Exercise requirements: Would you please return the data below verbatim, without its pictures?

Records for this exercise:
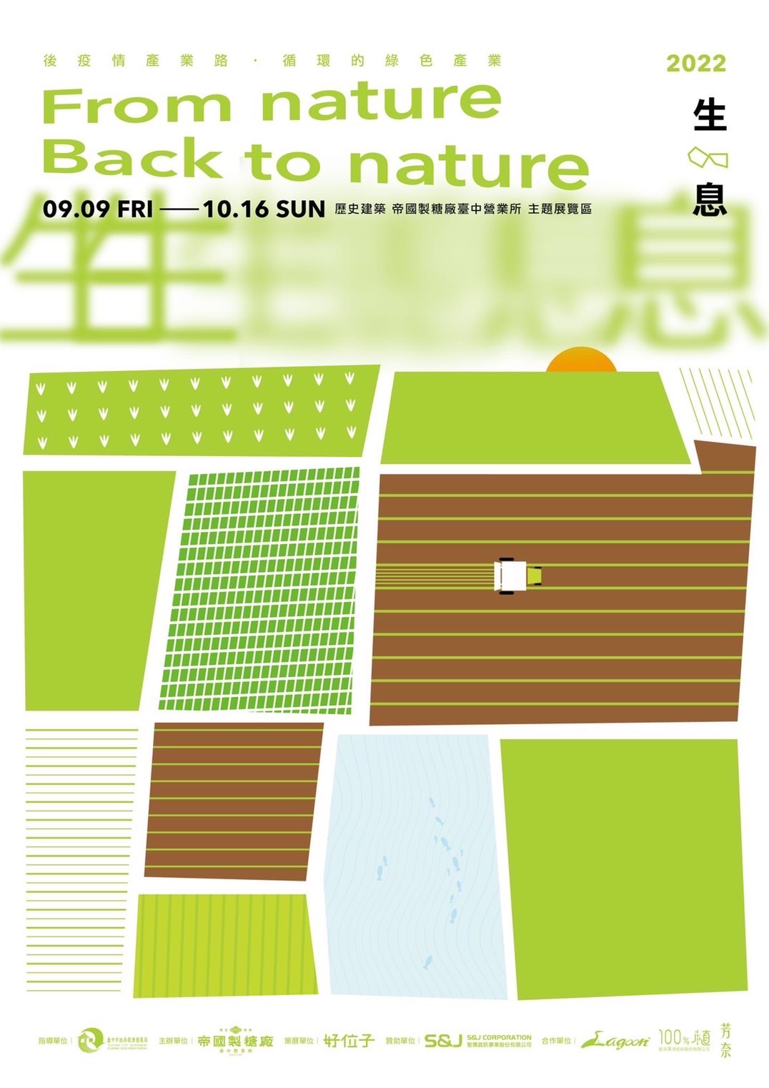 台中東區著名景點、新興打卡聖地的帝國糖廠舉行「生;息─綠色循環產業展」,展期自即日起至1016日止,搭配「後疫情產業路」年度策展主軸,與產業界合作,闡述後疫情時代生活樣態,並聚焦於綠色循環產業,探討在疫情之後如何持續永續發展,讓產業友善生產、環境友善生息、民眾友善生活。
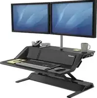 Ergonomisch werken door je eigen bureau in een zit sta bureau om te toveren met de zit sta verhogeren van Fellowes. Deze verhoger is instelbaar van een zit positie tot een staande positie. Een draadloze lader en usb poorts zijn geïntegreerd in het platform.
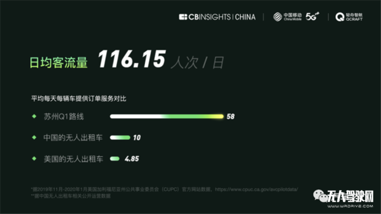 而在中国运行的无人出租车平均每天每辆车提供近 10 次订单服务,在美国这个数字为 4.85 次。
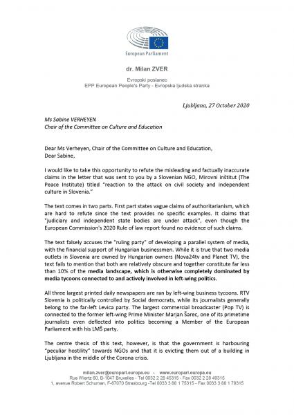 Evropski poslanec dr. Milan Zver je predsedujoči odbora za kulturo in izobraževanje v Evropskem parlamentu Sabine Verheyen, poslal pismo, v kateri se je odzval na zavajajoče in netočne navedbe Mirovnega inštituta in nekaterih nevladnih organizacij v zvezi z njihovimi očitki o napadih na civilno družbo in neodvisno kulturo v Sloveniji.
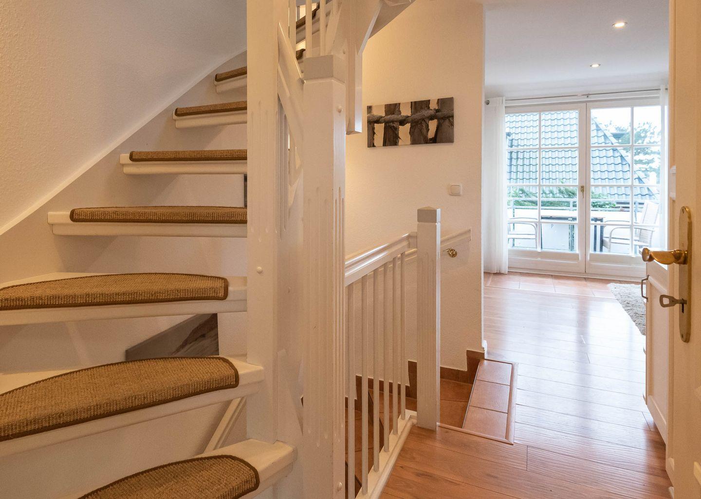 Im Erdgeschoss gelangen Sie durch die Haus- und Wohnungstür in einen kleinen Flur mit Schuhschrank und Garderobe. Über eine gut begehbare Treppe mit Treppengeländer gelangen Sie in das erste Obergeschoss.
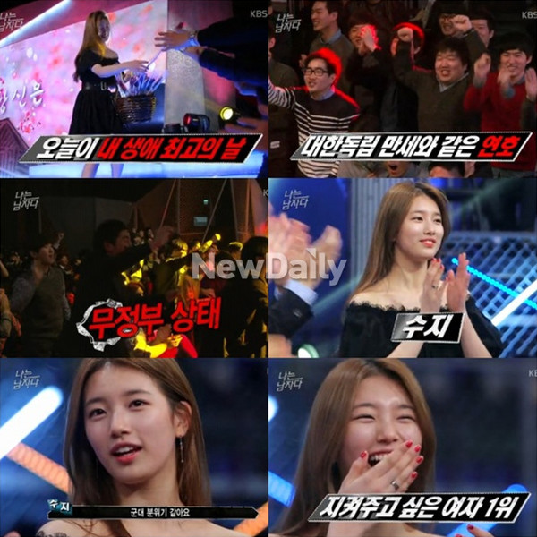 수지가 인사를 하자 남자들은 하나같이 "말을 하고 있어!"라며 흥분을 감추지 못했다. 수지는 방청객들의 열렬한 환호에 "군대 분위기 같다"라고 소감을 밝혔다.
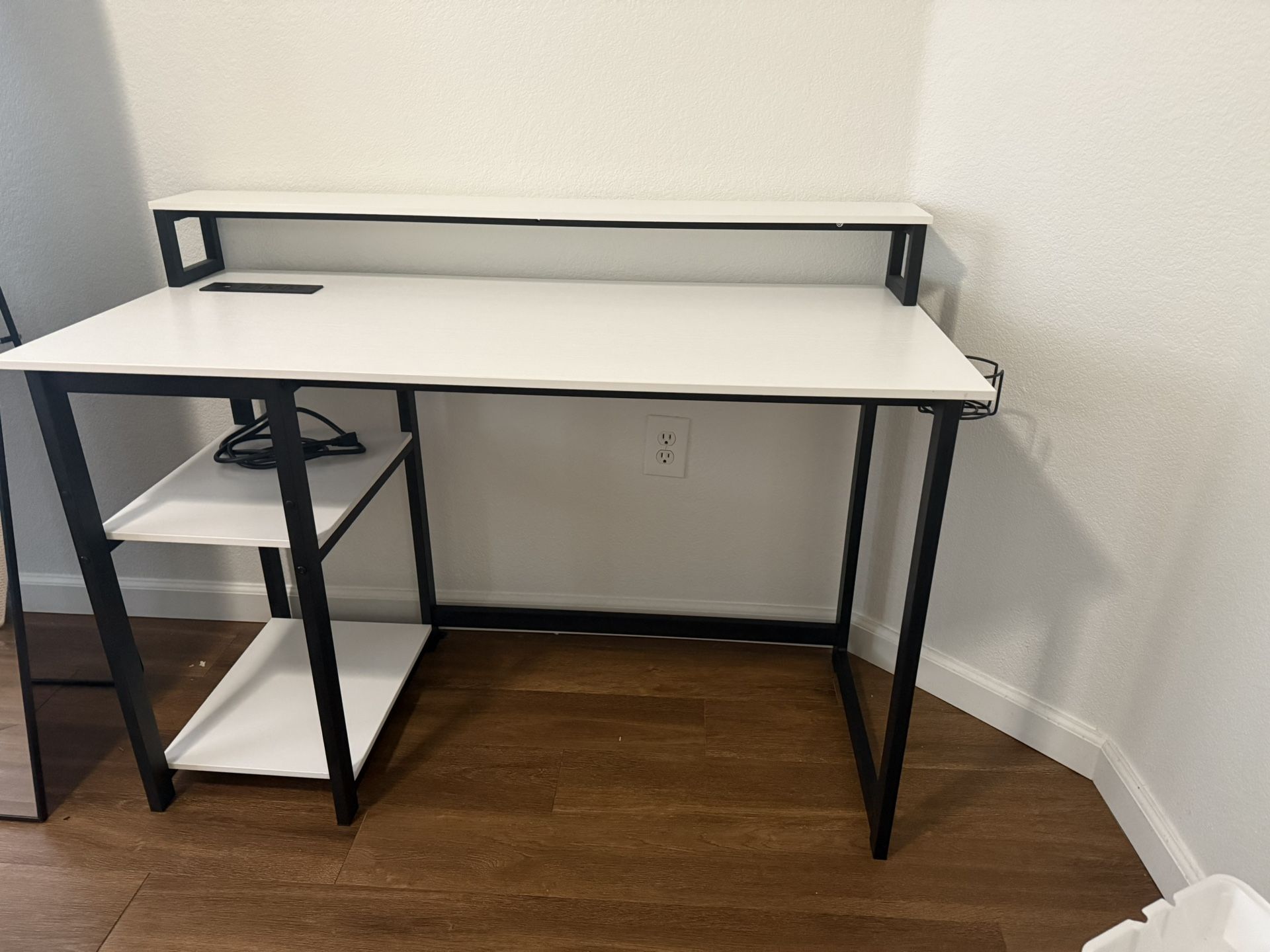 white desk with 3 outlets and 2 usb plug ins. Comes with cup holding. $80for one or $160 for both OB0

Output for this exercise:
 台中東區著名景點、新興打卡聖地的帝國糖廠舉行「生;息─綠色循環產業展」,展期自即日起至1016日止,搭配「後疫情產業路」年度策展主軸,與產業界合作,闡述後疫情時代生活樣態,並聚焦於綠色循環產業,探討在疫情之後如何持續永續發展,讓產業友善生產、環境友善生息、民眾友善生活。
 Ergonomisch werken door je eigen bureau in een zit sta bureau om te toveren met de zit sta verhogeren van Fellowes. Deze verhoger is instelbaar van een zit positie tot een staande positie. Een draadloze lader en usb poorts zijn geïntegreerd in het platform.
 而在中国运行的无人出租车平均每天每辆车提供近 10 次订单服务,在美国这个数字为 4.85 次。
 Evropski poslanec dr. Milan Zver je predsedujoči odbora za kulturo in izobraževanje v Evropskem parlamentu Sabine Verheyen, poslal pismo, v kateri se je odzval na zavajajoče in netočne navedbe Mirovnega inštituta in nekaterih nevladnih organizacij v zvezi z njihovimi očitki o napadih na civilno družbo in neodvisno kulturo v Sloveniji.
 Im Erdgeschoss gelangen Sie durch die Haus- und Wohnungstür in einen kleinen Flur mit Schuhschrank und Garderobe. Über eine gut begehbare Treppe mit Treppengeländer gelangen Sie in das erste Obergeschoss.
 수지가 인사를 하자 남자들은 하나같이 "말을 하고 있어!"라며 흥분을 감추지 못했다. 수지는 방청객들의 열렬한 환호에 "군대 분위기 같다"라고 소감을 밝혔다.
 white desk with 3 outlets and 2 usb plug ins. Comes with cup holding. $80for one or $160 for both OB0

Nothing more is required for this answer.